Search warrant exectued at Mount Polley Mine

February 4, 2015

Police in British Columbia executed search warrants at the Mount Polley Mine on Feb. 3 on behalf of the B.C. Conservation Officer Service, one of the agencies still investigating the tailings dam disaster.

At the same time that Imperial Metals, the owner of the mine, was marking the start of operations at its new Red Chris mine in northern B.C., police arrived at the Mount Polley mine site, 100 km northeast of Williams Lake, to collect evidence for the conservation service. The service is an independent law-enforcement body that can recommend charges when warranted to provincial Crown Counsel, The Globe and Mail reported.

Steve Robertson, vice-president of corporate affairs for Imperial Metals, said the search for documents at the mine site, almost six months after the catastrophic dam failure, was not surprising “Nothing too extreme going on there, it’s just the execution of a warrant by the Conservation Service,” he said. “We didn’t know when it was coming, but we were certainly expecting it to happen.”

He said the mine officials are fully co-operating with police, and called it a “positive step in our eyes” because it advances one of the two outstanding investigations.

“This is a great opportunity for us to move forward,” he said. “The panel report that came out [last week] found there was a single cause for the failure, a design flaw. We look forward to all these investigations being completed and we expect there will be similar results.”
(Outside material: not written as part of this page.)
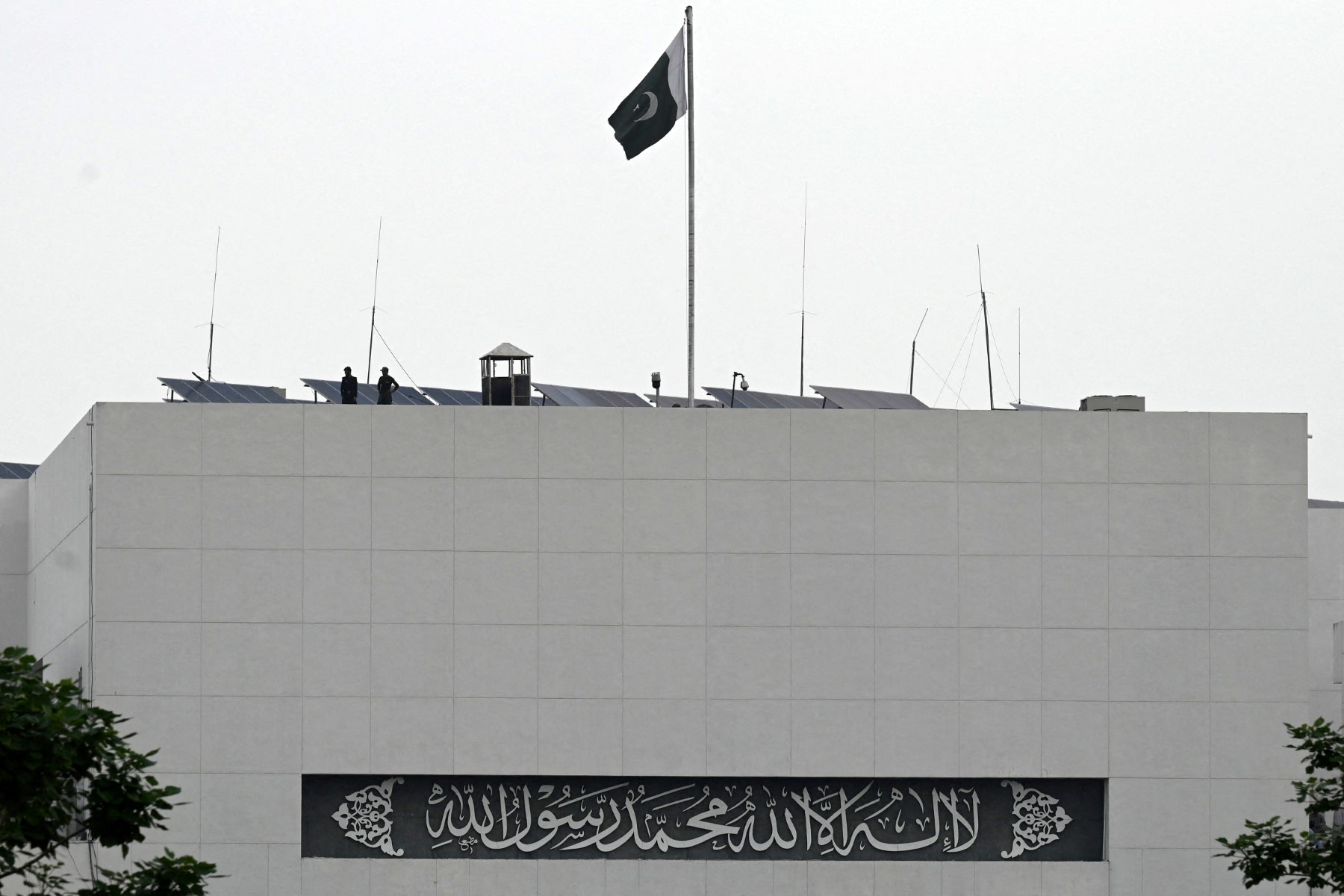 <p class="rteright">پاکستانی پارلیمنٹ کی عمارت پر نو اگست 2023 کو قومی پرچم لہرا رہا ہے (عامر قریشی / اے ایف پی)</p>

Operations at the Imperial Metals’ Red Chris mine began Tuesday without the usual ribbon-cutting that a new mine typically attracts.

The Red Chris mine, 804 km south of Dease Lake in northwestern British Columbia, received an interim permit to begin processing copper and gold ore and to use its tailings pond this week, just days after a report was released on the dam failure at the company’s Mount Polley tailings facility last August.

An expert engineering panel determined the breach at the Mount Polley Mine tailings pond was the result of a failure of the foundation of the embankment and recommended some major changes for the mining industry in British Columbia (ME, Feb. 2, 2015).

Even as the province looks at a new regulatory environment with stricter safety standards for its mines, the chief inspector of mines issued the preliminary permit required to commission the Red Chris project – providing a cash flow that Imperial Metals needs as the company’s cleanup costs mount and efforts to restart operations at Mount Polley are stalled.

The company expects Red Chris to be at full production, with 30 kt (33,000 st) of material flowing into the tailings pond, by May. At that time, it will need to apply for a full permit once it has proved the tailings pond facility – and the dam – is performing as promised.

Meanwhile, members of the Soda Creek Band, Union of B.C. Indian Chiefs and First Nations Summit announced their support of the recommendations proposed by the panel that reviewed the Mount Polley incident.